Meglio dell’indice anche oggi nella ns Maratona, e vi garantisco che con questo ambiente NON e’ per niente facile … (ma lo sapete).
Luglio 16th, 2010 alle 20:18
ma Filippide alla fine della maratona mori’
Luglio 16th, 2010 alle 20:42
Cino …
Non era allenato come noi.
Luglio 16th, 2010 alle 21:13
ha ha ha ah bella questa….
Luglio 16th, 2010 alle 21:15
… sorriso …
Luglio 17th, 2010 alle 11:53
Concordo (anche) sulla riflessione:
“Non e’ giusto e non ha senso economico,
ne’ sociale, che un bravo imprenditore
debba lottare per sopravvivere per cause
estranee alla sua perizia e competenza”
Da dipendente che ha ormai realizzato il suo sogno di diventare “imprenditore” (o solo padrone di se stesso?) mi sento sempre più schiacciato dal “peso” della “mia” SRL.
Non so se è questo che intendevi ma me la interpreto così
Luglio 17th, 2010 alle 12:04
… Anonimo
Essere padroni di noi stessi non e’ mica poco …
Luglio 19th, 2010 alle 12:56
Approfitto di voi.
Quali sono le 5 barriere burocratiche che un imprenditore incontra in Italia e che secondo voi potrebbero essere abolite facilmente?
Luglio 19th, 2010 alle 13:51
Francesco Carlà:
Luglio 19th, 2010 alle 07:34
… Farotto
Molto giusto e molto interessante.
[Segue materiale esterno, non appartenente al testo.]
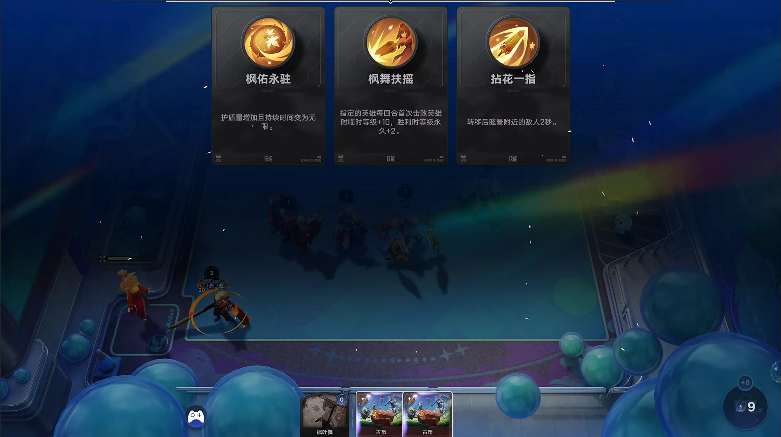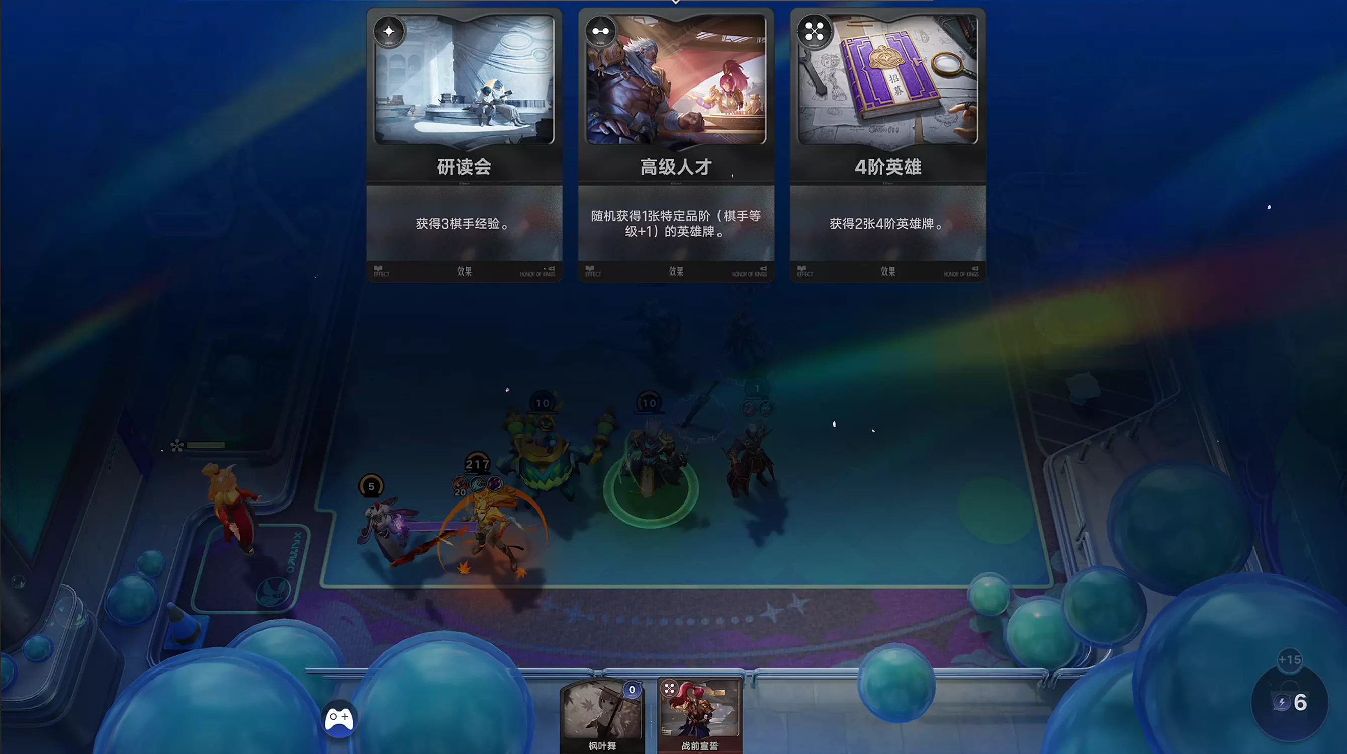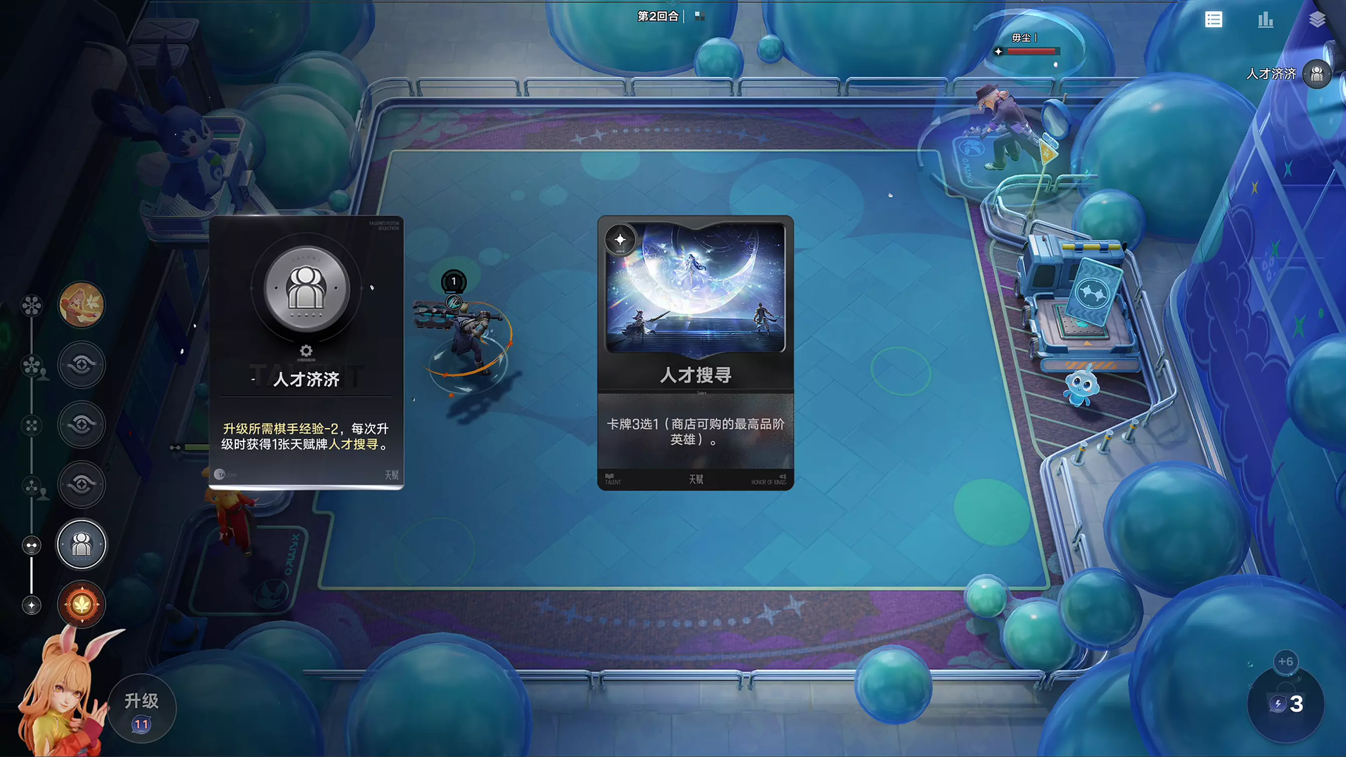 棋手在升级时能随机获取天赋牌,给对局增加强力增益效果。牙膏光信酱在升棋手2级时,拿到的【人才济济】天赋牌就成功帮他在第五回合就拿到了四阶关键卡牌-李信!

Mi piacerebbe se ‘postasse’ questo suo intervento anche a commento del mio nuovo post che e’ stato aperto venerdi’ … grazie.
ecco il post…
# Carlo Farotto:
Luglio 18th, 2010 alle 17:05
imprenditori del primo tipo… leggo: pizzeria, negozio, tutto virtuale, nessun dipendente… siamo proprio sicuri di aver chiaro chi sia l’imprenditore del primo tipo???
io ho questo modello: settore industriale meccanica ed elettronica, tecnologicamente innovativo, con brevetti internazionali ‘veri’ in tasca ovverosia che reggono, internazionale sia nella parte progettuale/produttiva (decentramento) sia in quella commerciale (internazionalizzazione)… sede in Italia ma soprattutto all’estero…
ecco quindi che questo imprenditore del primo tipo… non deve essere necessariamente ‘italiano’… come anche l’imprenditore del secondo tipo non investe solo in aziende ‘italiane’…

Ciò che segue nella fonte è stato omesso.